Every entry is to be copied exactly as written, and the pictures are to be skipped.

###

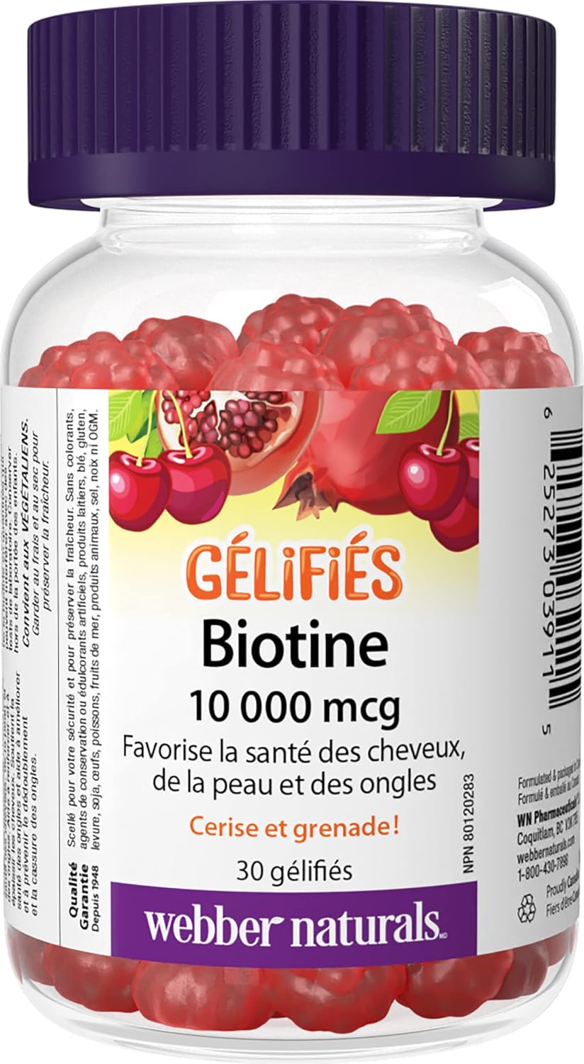 Webber Naturals Apple Cider Vinegar Gummy, 200 mg with The Mother, 90 Gummies, Antioxidants Support, VeganApple Cider Vinegar gummies from Webber Naturals offer an easy and convenient way to reap the benefits of this traditional remedy. Apple cider vinegar (ACV) gummies are a source of antioxidants to fight off damaging free radicals. ACV is traditionally used to support digestion, detoxification, and energy. Provided naturally with the "mother" (the combination of yeast and bacteria formed during fermentation), these delicious apple-flavoured gummies are non-GMO and suitable for vegans and vegetarians.Webber Naturals Biotin 10,000 mcg, 30 Gummies, Supports Healthy Hair, Skin & Nails, Energy Metabolism, VeganBiotin 10,000 mcg Gummies from Webber Naturals is a non-GMO, one-per-day formula that can help prevent biotin deficiency and promote healthy, beautiful hair, skin, and nails. Biotin is an essential B vitamin also needed for the metabolism of nutrients to support optimal energy levels. Biotin 10,000 mcg Gummies from Webber Naturals offers delicious, fruit-flavoured, high-potency gummies for beautiful hair, skin, and nails, along with energy support.
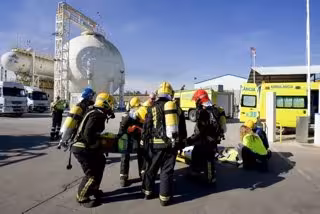 El ejercicio, organizado por la Dirección General de Protección Civil de la Generalitat y la empresa, ha consistido en un escape de dióxido de azufre al romperse una manguera de descarga, con una posterior nube tóxica que se ha ido desplazando con el viento obligando al confinamiento de los colegios y afectando a un mercado municipal.
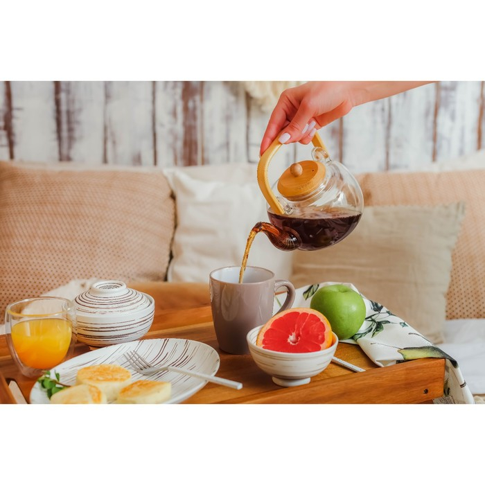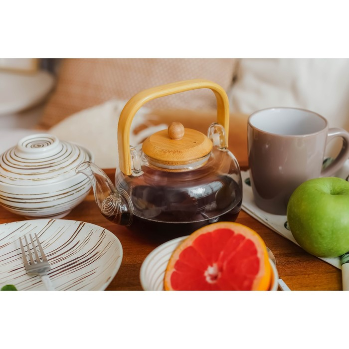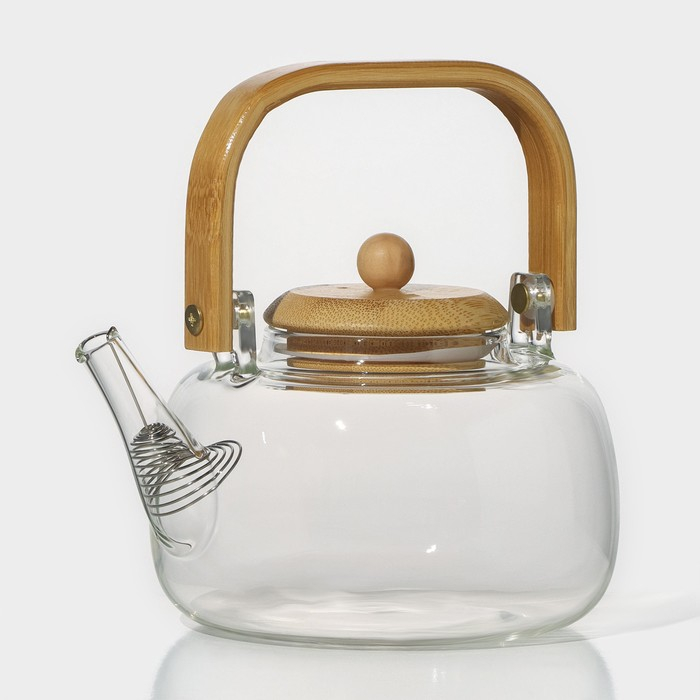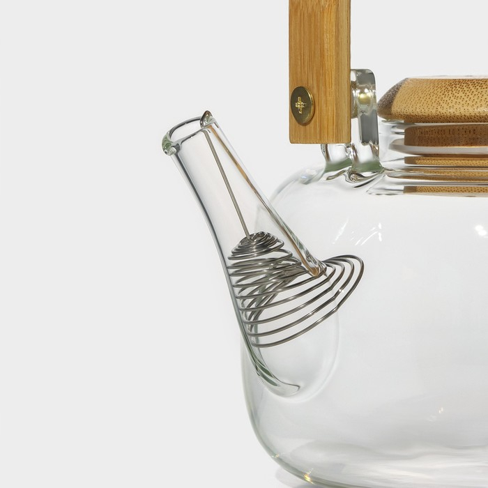 Чайник стеклянный заварочный с бамбуковой крышкой и металлическим фильтром «Эко. Бабл», 800 мл, 18×13,5×12,5 см
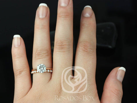 2ct Skinny Flora 8mm & Petite Cher 14kt Gold Moissanite Unique Round Solitaire Bridal Set
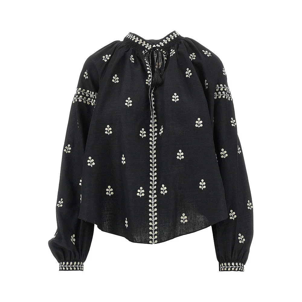 Blouse made from Tussar silk with embroidered motif. Standing collar with plunging V-neck with concealed hook and self-tie drawcordi with tassels. Long raglan sleeves with one-button cuffs. Wide and relaxed silhouette. DETAILS Model code: HT0826FA Color code: 01BK Season: SS26 Material: 100% SE Made in: India Sku: 33500 Color: Black Brand: ISABEL MARANT
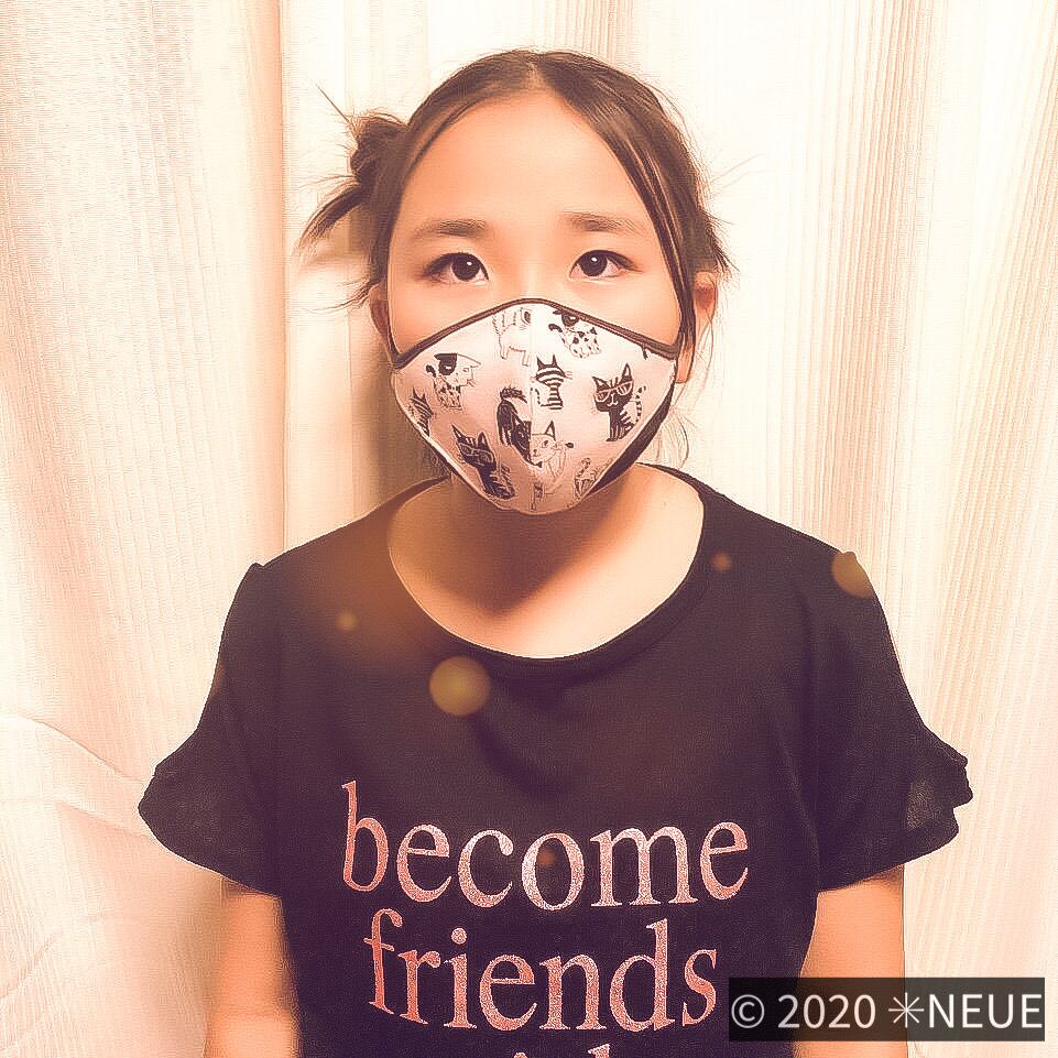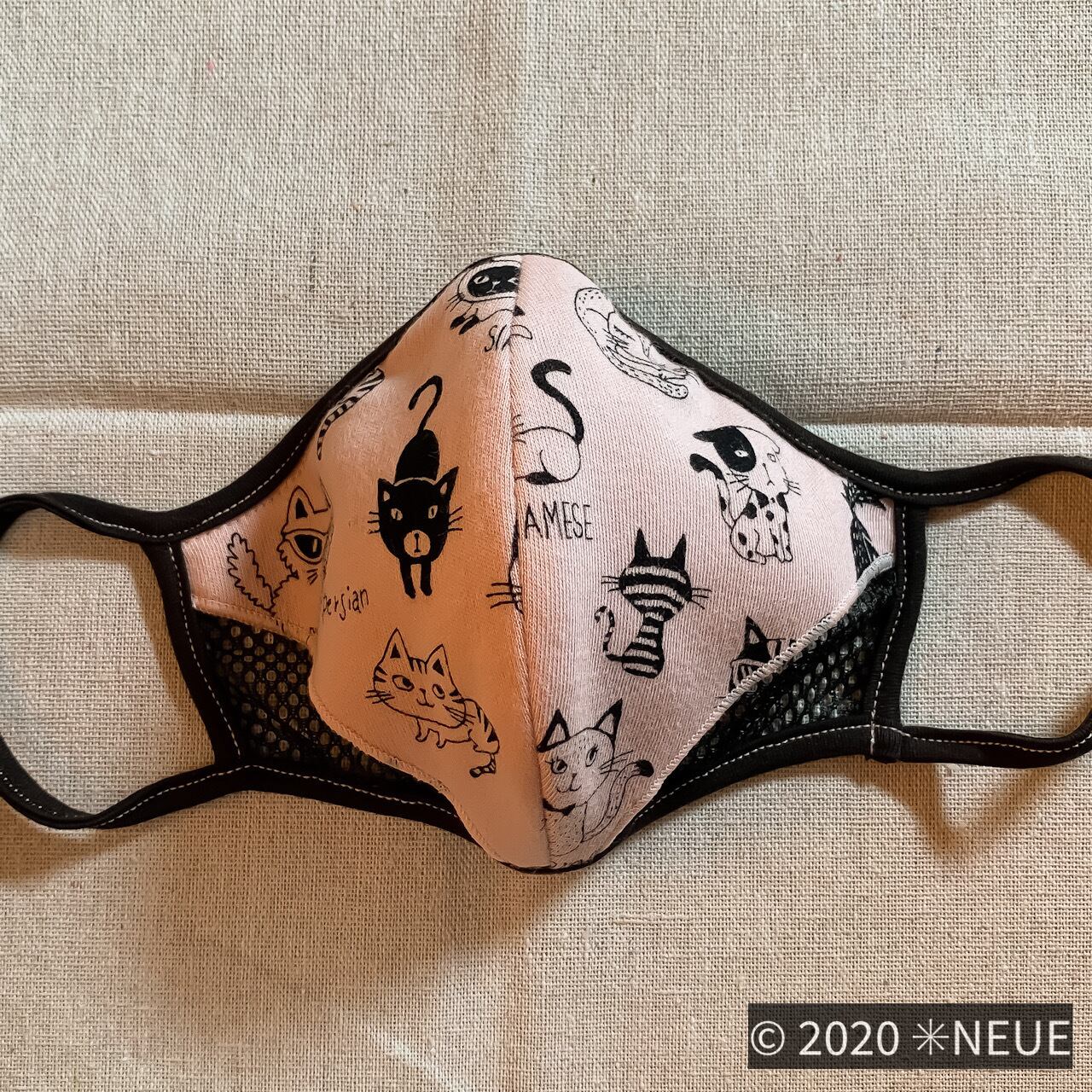 布マスク 猫柄 ピンク 【Aster NEUE】 フレーム 一体型 立体 マスク 日本製

###

# Response
 Webber Naturals Apple Cider Vinegar Gummy, 200 mg with The Mother, 90 Gummies, Antioxidants Support, VeganApple Cider Vinegar gummies from Webber Naturals offer an easy and convenient way to reap the benefits of this traditional remedy. Apple cider vinegar (ACV) gummies are a source of antioxidants to fight off damaging free radicals. ACV is traditionally used to support digestion, detoxification, and energy. Provided naturally with the "mother" (the combination of yeast and bacteria formed during fermentation), these delicious apple-flavoured gummies are non-GMO and suitable for vegans and vegetarians.Webber Naturals Biotin 10,000 mcg, 30 Gummies, Supports Healthy Hair, Skin & Nails, Energy Metabolism, VeganBiotin 10,000 mcg Gummies from Webber Naturals is a non-GMO, one-per-day formula that can help prevent biotin deficiency and promote healthy, beautiful hair, skin, and nails. Biotin is an essential B vitamin also needed for the metabolism of nutrients to support optimal energy levels. Biotin 10,000 mcg Gummies from Webber Naturals offers delicious, fruit-flavoured, high-potency gummies for beautiful hair, skin, and nails, along with energy support.
 El ejercicio, organizado por la Dirección General de Protección Civil de la Generalitat y la empresa, ha consistido en un escape de dióxido de azufre al romperse una manguera de descarga, con una posterior nube tóxica que se ha ido desplazando con el viento obligando al confinamiento de los colegios y afectando a un mercado municipal.
 Чайник стеклянный заварочный с бамбуковой крышкой и металлическим фильтром «Эко. Бабл», 800 мл, 18×13,5×12,5 см
 2ct Skinny Flora 8mm & Petite Cher 14kt Gold Moissanite Unique Round Solitaire Bridal Set
 Blouse made from Tussar silk with embroidered motif. Standing collar with plunging V-neck with concealed hook and self-tie drawcordi with tassels. Long raglan sleeves with one-button cuffs. Wide and relaxed silhouette. DETAILS Model code: HT0826FA Color code: 01BK Season: SS26 Material: 100% SE Made in: India Sku: 33500 Color: Black Brand: ISABEL MARANT
 布マスク 猫柄 ピンク 【Aster NEUE】 フレーム 一体型 立体 マスク 日本製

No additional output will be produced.